Of course, the main point about email is to be able to generate a multipart
email - just to be able to send file attachments. And, of course, a deep work
was done about that to make parts, compose them into specific
fields and merge them into one email.
Eventually, you can easily make a stream from it, which respects rules (78 bytes per line, stream line per line) and use it directly into an SMTP implementation.
This is what we did with the project
facteur. It's a little
command-line tool to send with file attachement mails in pure OCaml - but it
works only on an UNIX operating system for instance.
Even if you are able to parse and generate an email, more work is needed to get the expected results.
Indeed, email is a exchange unit between people and the biggest deal on that is to find a common way to ensure a understable communication each others. About that, encoding is probably the most important piece and when a French person wants to communicate with a latin1 encoding, an American person can still use ASCII.
So about this problem, the choice was made to unify any contents to UTF-8 as the
most general encoding of the world.
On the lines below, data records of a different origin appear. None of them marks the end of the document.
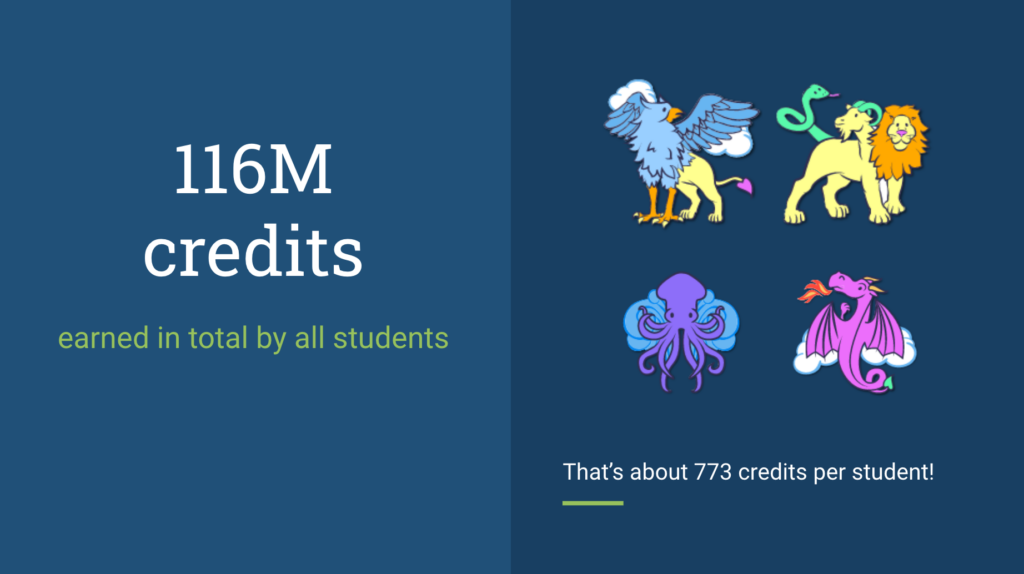 The credit total is even more impressive. Our students have earned about 116 million course credits. That’s just under 800 credits per student, which correlates to about one course’s worth of credits. 116 million credits earned is a mind-blowing number, and that total is only going to increase with time.
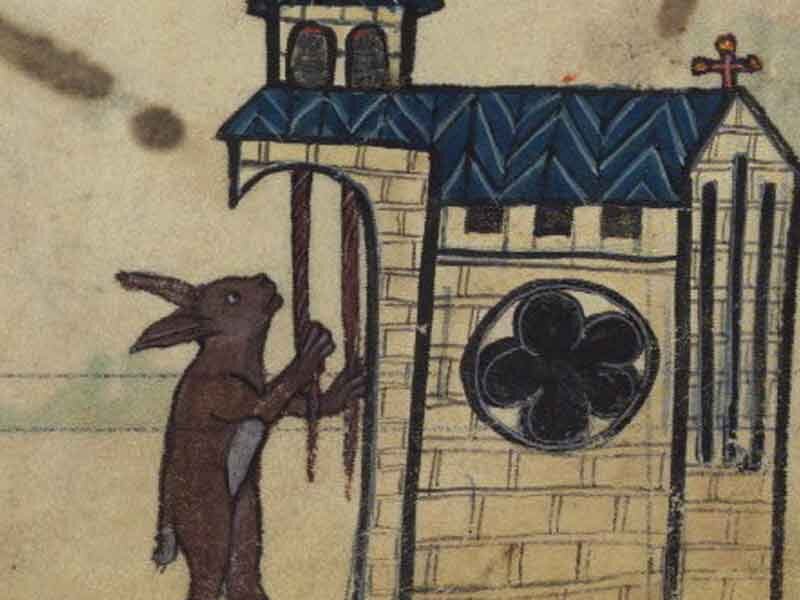 Так вот, та часть с Часами Христа Распятого и представляют собой самую большую загадку этого манускрипта. Не текст, а иллюстрации к ней. На полях изображены животные и сцены из популярного в Средние века Романа о Лисе . В частности — похороны Лиса Ренара. Это любимый сюжет средневековой сатиры, имеющей явно антиклерикальный смысл. Звери, отслужив по Ренару заупокойную мессу, с крестами, кадилами и свечами выстроились в процессию и понесли гроб на кладбище.
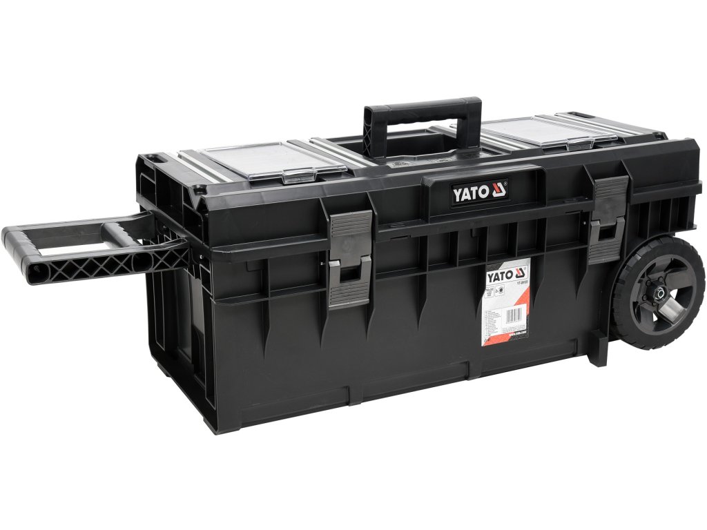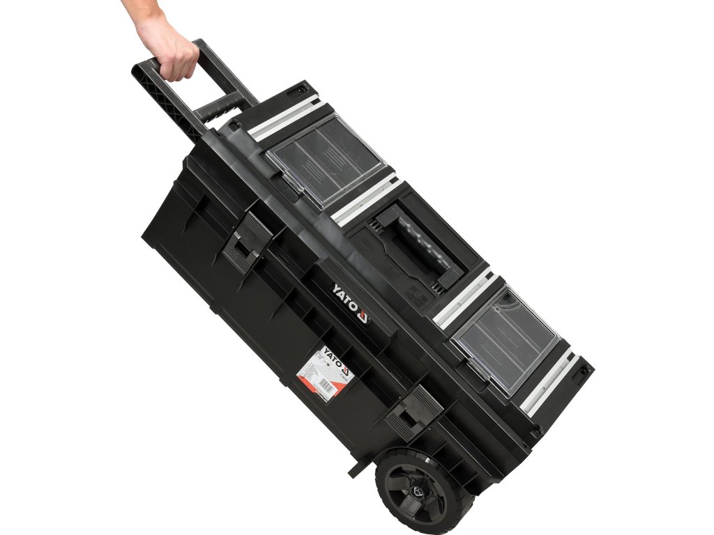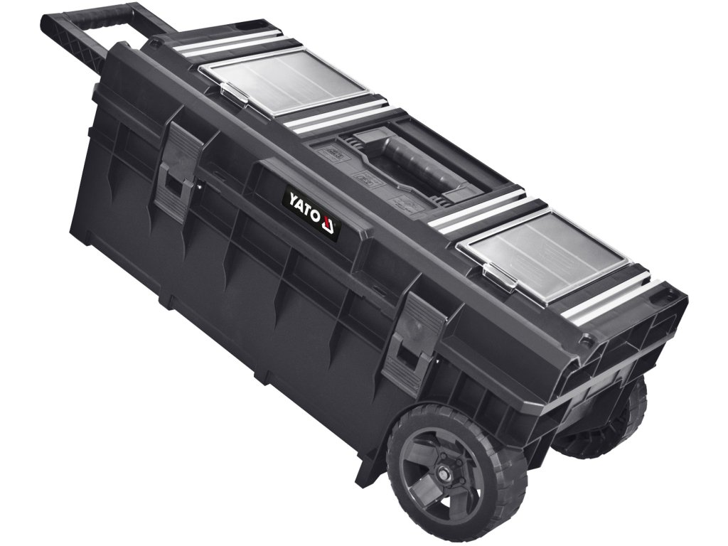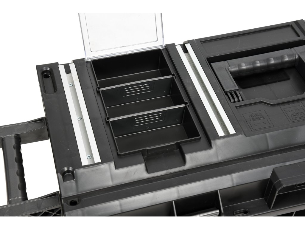 Pojízdný plastový kufr se dvěma organizéry ve víku s nastavitelnými přepážkami.
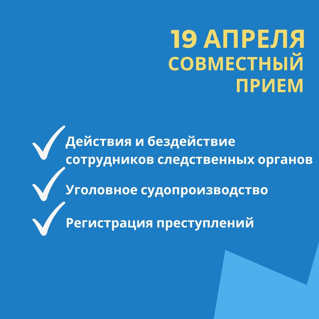19 апреля 2021 года состоится совместный прием граждан Уполномоченным по правам человека в Республике Татарстан и Руководителем следственного управления Следственного комитета Российской Федерации по Республике Татарстан.
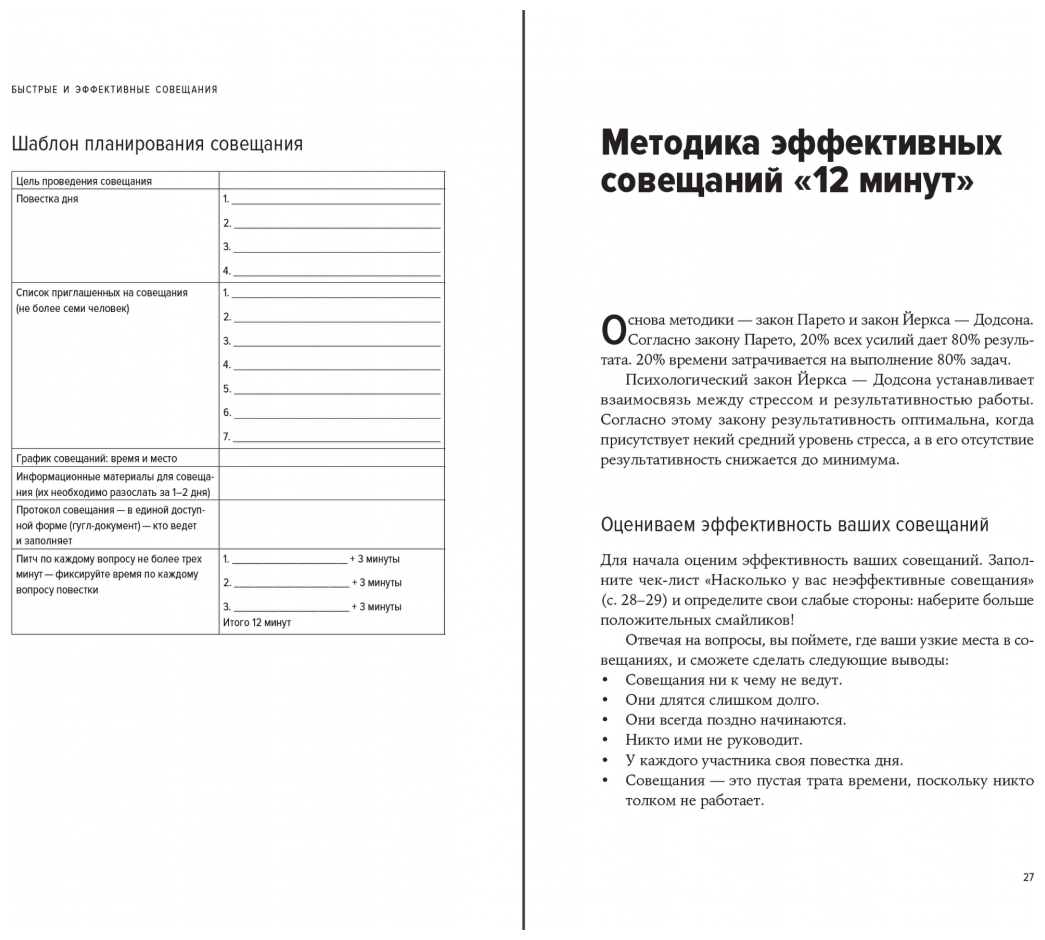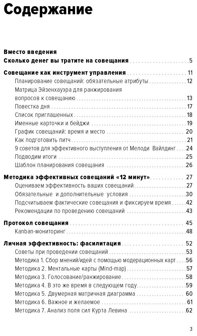 Ольга предлагает к изучению 16 методик и 4 инструмента для организации групповых обсуждений и повышения личной эффективности ответственных лиц. Кроме того, подробно описана авторская методика совещаний «12 минут», приведены рекомендации по подготовке к совещаниям, описаны 8 техник модерации и дана таблица для оценки результативности по итогам проведения.
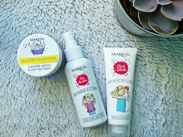 Na zakupach w Biedronce wypatrzyłam kosmetyki przeznaczone dla dzieci marki Marion. Ładne opakowania i cudowne zapachy niemalże zmusiły mnie do zakupu. Tym razem do mojego koszyka trafiły: Glutoretka do mycia o zapachu Jagodowej Muffinki, Spray ułatwiający rozczesywanie oraz krem na niesforne kosmyki.

So, we did some libraries which map an encoding flow
to Unicode code-point, and we use
uutf (thanks to dbuenzli) to normalize it to UTF-8.
The main goal is to avoid a headache to the user about that and even if contents of the mail is encoded with latin1 we ensure to translate it correctly (and according RFCs) to UTF-8.
This project is
rosetta and it comes with:
Then, bodies can be encoded in some ways, 2 precisely (if we took the main standard):
- A base64 encoding, used to store your file
- A quoted-printable encoding
So, about the
base64 package, it comes with a sub-package
which respects the special case to encode a body according RFC2045 and SMTP
pecu was made to encode and decode quoted-printable contents. It was
tested and fuzzed of course like any others MirageOS's libraries.
These libraries are needed for an other historical reason which is: bytes used to store mail should use only 7 bits instead of 8 bits. This is the purpose of the base64 and the quoted-printable encoding which uses only 127 possibilities of a byte. Again, this limitation comes with SMTP protocol.
mrmime is tackling the difficult task to parse and generate emails according to 50 years of usability, several RFCs and legacy rules.
still is an experimental project. We reach the first version of it because we
are currently able to parse many mails and then generate them correctly.
Of course, a bug (a malformed mail, a server which does not respect standards or a bad use of our API) can appear easily where we did not test everything. But we have the feeling it was the time to release it and let people to use it.
The best feedback about
mrmime and the best improvement is yours. So don't be
afraid to use it and start to hack your emails with it.